Records from a data source
------

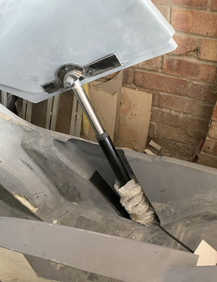 Mocking up top actuator mount into canopy using fibreglass proforma and 4mm thick steel sheet
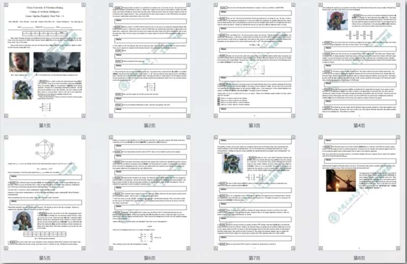 “在矩阵的广阔世界里,那些看似‘无用’的零,实则成为了‘天命人’肩上沉甸甸的责任,需借助坐标(COO)格式与压缩稀疏行(CSR)格式的智慧来巧妙承载;城门口的守卫,以矩阵秩的计算为钥匙,考验着每一位求学者;踏入城池,一位痴迷于线性系统的老者,以刁钻难题设下重重关卡,等待着你的解答;唯有助持国天王解开长久困扰他的‘线性代数’之谜,方能赢得他的臣服……”这是中国免费靠逼视频(北京)人工智能学院教授刘伟峰为“线性代数”期末考试策划的试卷。
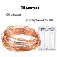 Нить "Роса" медь, 10 м х 100 диодов, от батареек, теплый белый
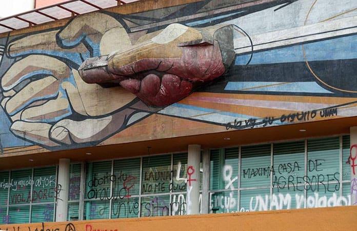 Esas obras de gran valor artístico fueron intervenidas este lunes, de nueva cuenta, durante una manifestación ante la Rectoría de la UNAM. A través de un comunicado, la Máxima Casa de Estudios señala que "las agresiones y daños ocasionados al patrimonio de la Universidad y, por tanto de la Nación, desvirtúan el fondo de la manifestación. Ejercer la violencia con tanta brutalidad, cuando se dice estar contra la violencia, es un contrasentido".
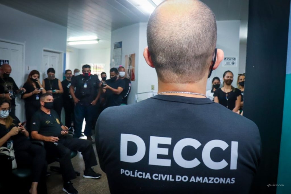 Durante coletiva de imprensa, nesta sexta, na sede da Delegacia Geral, bairro Dom Pedro, zona centro-oeste de Manaus, a delegada-geral e o delegado-geral adjunto da Polícia Civil, Emília Ferraz e Tarson Yuri Soares, juntamente com os diretores dos Departamentos de Polícia Metropolitana e do Interior (DPM e DPI), delegados Alessandro Albino e Bruno Fraga, e a delegada Andrea Nascimento, titular da DECCI, além da secretária executiva da Secretaria de Estado da Cidadania, Direitos Humanos e Cidadania (Sejusc), Edmara Cambaúva, apresentaram o balanço da operação.
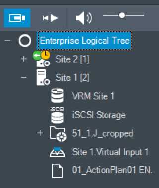 Tree with a customized structure of all the devices. The Logical Tree is used in the Operator Client to select cameras and other devices. In the Configuration Client, the “Full Logical Tree” is configured (on the Maps and Structure page) and tailored for each user group (on the User Groups page).
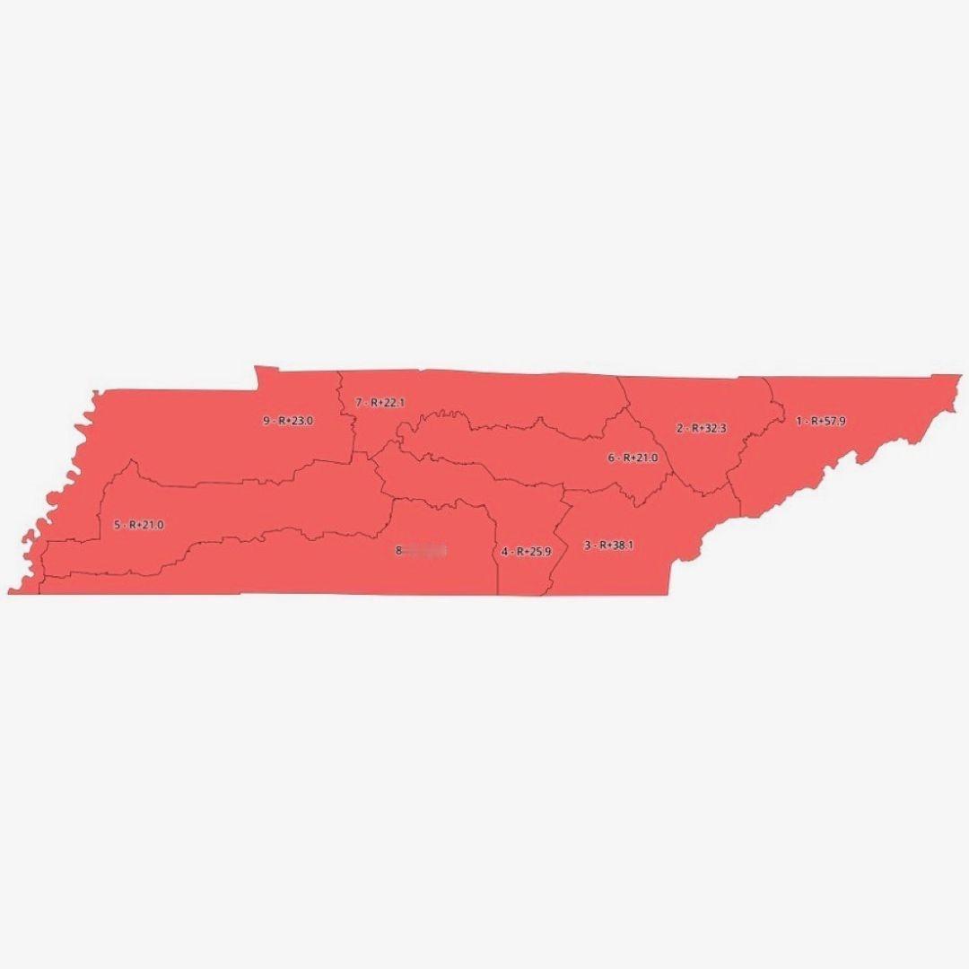 美国田纳西州州长共和党候选人玛莎·布莱克本威胁要通过一份选区划分操纵地图,这将使田纳西州完全变成红色州。
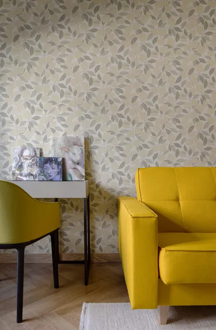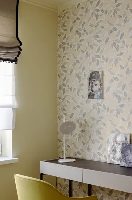 Спальни компактны, но выразительны. Акцент сделан на оформление стен — яркие принты обоев и цветные потолки. Искусство подобрано с учетом характера хозяйки и ее дочерей. Хозяйка — хореограф, и ее творческая натура отражена в картине Андрея Бурьяка, размещенной в спальне. В сочетании с обоями она рассказывает целую историю.
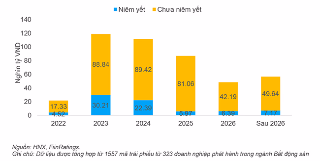 Mặc dù tích cực mua lại trái phiếu đã phát hành sau khi xảy ra sự kiện liên quan đến tập đoàn Tân Hoàng Minh và Vạn Thịnh Phát, nhưng áp lực trả nợ trái phiếu đáo hạn đối với nhiều doanh nghiệp bất động sản trong hai năm tới vẫn duy trì đáng kể.
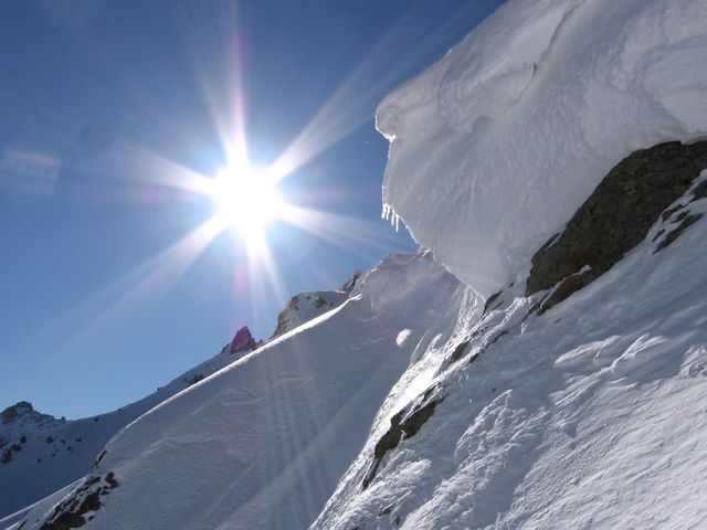 RAS. Juste quelques mini coulées provoquées par nos ski dans le couloir S de Belle Etoile (13 h).

------

[Problem to work on] From the line containing "батареек, теплый белый" through the line containing "Спальни компактны, но", copy every line above exactly, without pictures.

[Response]
 Нить "Роса" медь, 10 м х 100 диодов, от батареек, теплый белый
 Esas obras de gran valor artístico fueron intervenidas este lunes, de nueva cuenta, durante una manifestación ante la Rectoría de la UNAM. A través de un comunicado, la Máxima Casa de Estudios señala que "las agresiones y daños ocasionados al patrimonio de la Universidad y, por tanto de la Nación, desvirtúan el fondo de la manifestación. Ejercer la violencia con tanta brutalidad, cuando se dice estar contra la violencia, es un contrasentido".
 Durante coletiva de imprensa, nesta sexta, na sede da Delegacia Geral, bairro Dom Pedro, zona centro-oeste de Manaus, a delegada-geral e o delegado-geral adjunto da Polícia Civil, Emília Ferraz e Tarson Yuri Soares, juntamente com os diretores dos Departamentos de Polícia Metropolitana e do Interior (DPM e DPI), delegados Alessandro Albino e Bruno Fraga, e a delegada Andrea Nascimento, titular da DECCI, além da secretária executiva da Secretaria de Estado da Cidadania, Direitos Humanos e Cidadania (Sejusc), Edmara Cambaúva, apresentaram o balanço da operação.
 Tree with a customized structure of all the devices. The Logical Tree is used in the Operator Client to select cameras and other devices. In the Configuration Client, the “Full Logical Tree” is configured (on the Maps and Structure page) and tailored for each user group (on the User Groups page).
 美国田纳西州州长共和党候选人玛莎·布莱克本威胁要通过一份选区划分操纵地图,这将使田纳西州完全变成红色州。
 Спальни компактны, но выразительны. Акцент сделан на оформление стен — яркие принты обоев и цветные потолки. Искусство подобрано с учетом характера хозяйки и ее дочерей. Хозяйка — хореограф, и ее творческая натура отражена в картине Андрея Бурьяка, размещенной в спальне. В сочетании с обоями она рассказывает целую историю.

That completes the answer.